Quick-Reference: Best Tool by Task

Task Best Tool Why
Variational formulations (FEniCS UFL) Claude Code Understands weak forms, bilinear/linear forms, Sobolev spaces, and correct UFL expressions
OpenFOAM case setup Claude Code Generates correct dictionary syntax, scheme selection, turbulence model configuration
ANSYS APDL scripting Gemini CLI 1M context for APDL command reference, element type documentation, and macro syntax
Monte Carlo & UQ methods Claude Code Correct variance reduction techniques, convergence diagnostics, statistical analysis
Mesh generation (gmsh scripting) Claude Code Quality constraints, boundary layer specification, size field configuration
MPI parallel code Claude Code Non-blocking communication patterns, domain decomposition, deadlock avoidance
ParaView / VTK scripting Cursor Pro Indexes existing post-processing scripts, autocompletes VTK pipeline stages
Discrete event simulation (SimPy) Claude Code Correct process modeling, resource management, statistical analysis of outputs
Large solver codebase navigation Cursor Pro Indexes C++/Fortran solver code, OpenFOAM class hierarchies, deal.II template structures
Solver documentation lookup Gemini CLI Paste entire OpenFOAM/ANSYS docs into 1M context for precise API and keyword queries
AWS HPC infrastructure Amazon Q ParallelCluster config, FSx for Lustre, Batch job definitions, S3 for simulation data

What AI Tools Get Wrong About Simulation

  • Ignoring numerical stability: AI tools routinely generate explicit time-stepping schemes without CFL condition checks. A forward Euler discretization of the heat equation with dt = 0.1 and dx = 0.01 has a diffusion number of alpha * dt / dx2 = 100 * alpha, which is unstable for any physically meaningful thermal diffusivity. The solution will oscillate with exponentially growing amplitude and the tool will not warn you. Implicit schemes (backward Euler, Crank-Nicolson) are unconditionally stable but require solving a linear system at each time step — AI tools that generate explicit schemes are choosing the simpler implementation at the cost of correctness.
  • Wrong boundary condition types: Confusing Dirichlet (prescribed value), Neumann (prescribed gradient/flux), and Robin (mixed) boundary conditions changes the physics of the problem entirely.
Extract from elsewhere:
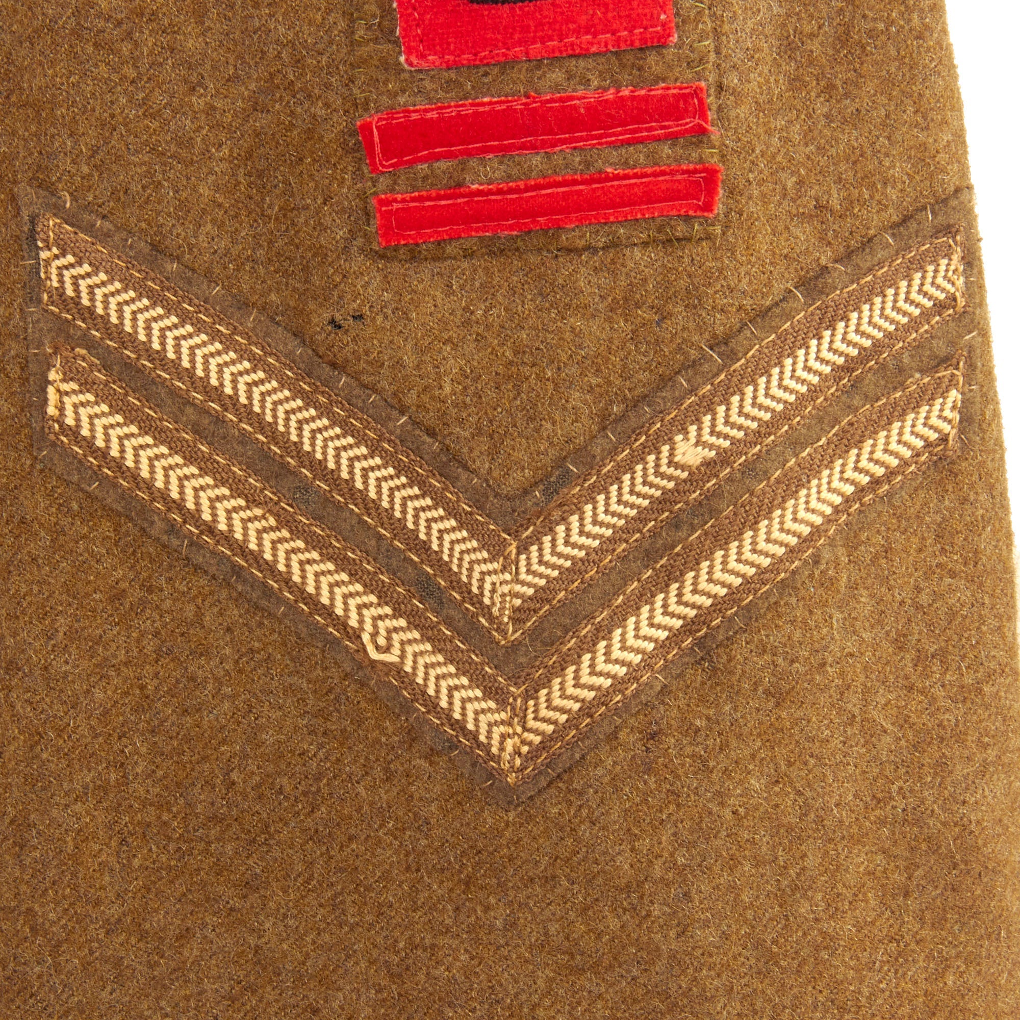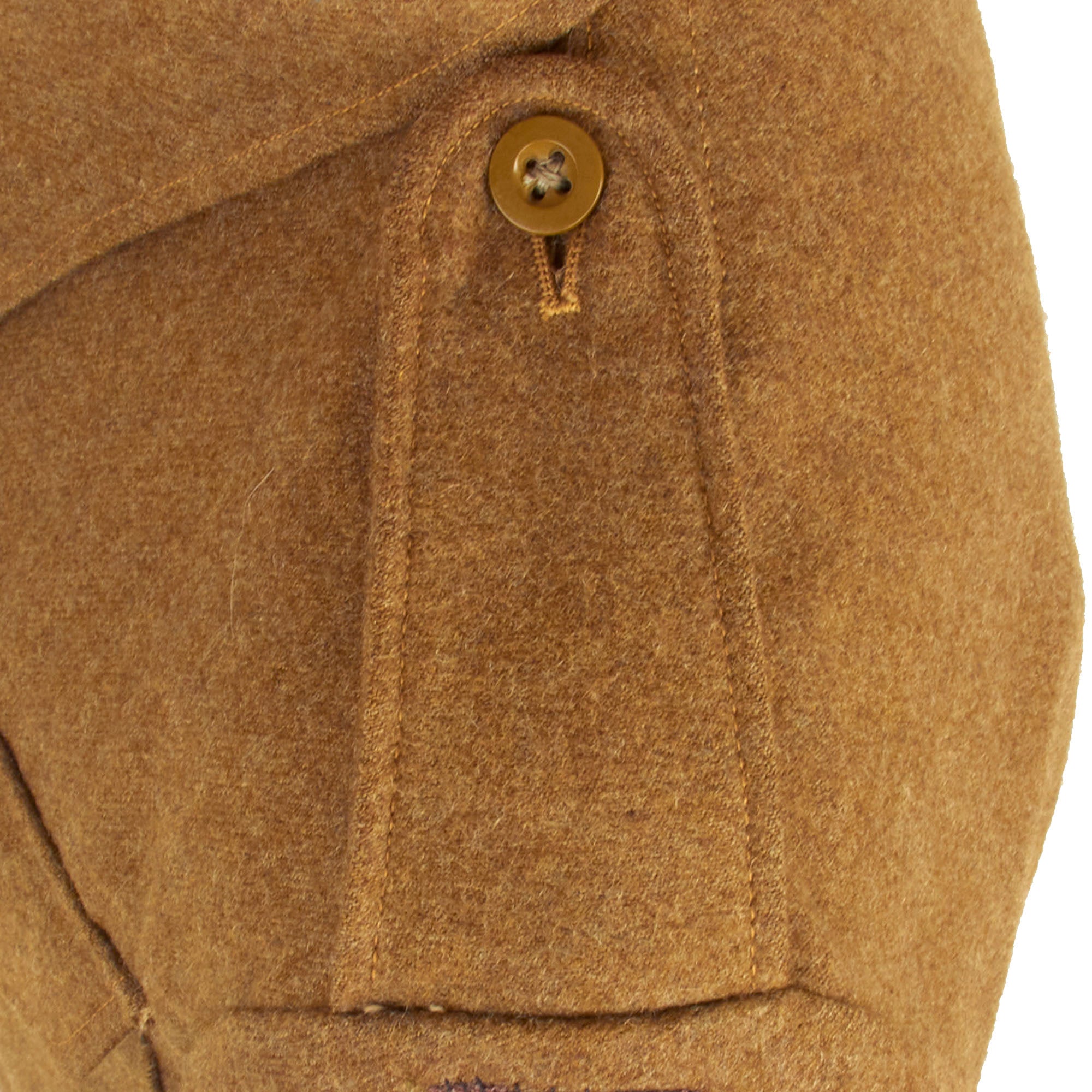 The uniform itself is dated 1946 and still has a complete label on the interior. The uniform, though dated 1946, is identical to the earlier wartime uniform and would fit into your WWII displays without fault.

A Neumann condition of zero on a heat equation boundary means adiabatic (insulated) wall; a Dirichlet condition of zero means isothermal wall at reference temperature. In CFD, a no-slip wall requires zero velocity (Dirichlet on all velocity components) but typically a zero-gradient condition on pressure (Neumann). AI tools frequently apply the wrong type, producing solutions to a different physical problem than intended, with no error message to indicate the mistake.
  • Naive mesh generation: Generating uniform meshes where physics demands refinement. Boundary layers in CFD require exponentially graded mesh spacing near walls (first cell at y+ less than 1, expansion ratio of 1.1-1.3). Stress concentrations at notches and crack tips require mesh refinement proportional to 1/sqrt(r) from the singularity. AI tools generate uniform grids because they are simpler to specify, producing solutions where the boundary layer is resolved by 2 cells instead of 20, and the resulting wall shear stress is wrong by a factor of 5.
  • Incorrect parallel decomposition: Generating MPI code that decomposes the domain without considering communication topology, load balance, or the ratio of computation to communication. A 1D slab decomposition of a 3D mesh across 1,000 ranks creates slabs that are one cell thick in the decomposition direction, meaning every cell is a boundary cell requiring halo exchange. The communication cost exceeds the computation cost, and the simulation runs slower on 1,000 cores than on 100. Proper decomposition uses graph partitioning (METIS) to minimize the cut surface while balancing cell counts.
  • Missing convergence checks: Generating solver loops without residual monitoring, without checking that iterative solvers have converged at each time step, and without mesh independence studies. A SIMPLE-based CFD solver that advances to the next time step when the pressure equation has not converged produces a velocity field that does not satisfy the continuity equation, accumulating mass conservation errors that corrupt the entire solution over time. AI tools generate the time-stepping loop but not the convergence checking infrastructure that makes the results meaningful.
  • Confusing steady-state and transient solvers: Applying a transient solver to a steady-state problem (wasteful — converging in pseudo-time when a Newton iteration would converge in 5 iterations) or applying a steady-state solver to an inherently transient problem (vortex shedding behind a cylinder has no steady-state solution above Re approximately 47). AI tools do not evaluate whether the physics is steady or unsteady; they generate whichever solver type they have seen more often in training data.
  • Wrong units or non-dimensionalization: Mixing SI and CGS units in the same simulation, or failing to non-dimensionalize when the problem involves quantities spanning many orders of magnitude. A structural FEA with Young’s modulus in Pa (1011) and lengths in mm produces a stiffness matrix with entries spanning 17 orders of magnitude, causing the linear solver to fail or produce inaccurate results due to floating-point roundoff. Non-dimensionalizing or using consistent unit systems (N-mm-MPa) avoids this. AI tools copy material property values from documentation without checking unit consistency with the mesh coordinate system.
  • Hallucinating solver parameters: Inventing OpenFOAM dictionary keywords that do not exist (turbulenceModel kOmegaSST2; instead of the correct RAS { model kOmegaSST; } structure), generating ANSYS APDL commands with wrong argument counts or types, and fabricating FEniCS function names from older API versions that do not exist in FEniCSx. OpenFOAM’s dictionary parser will sometimes silently ignore unknown keywords, meaning the simulation runs with default values instead of the intended settings — a silent error that produces wrong results with no diagnostic message.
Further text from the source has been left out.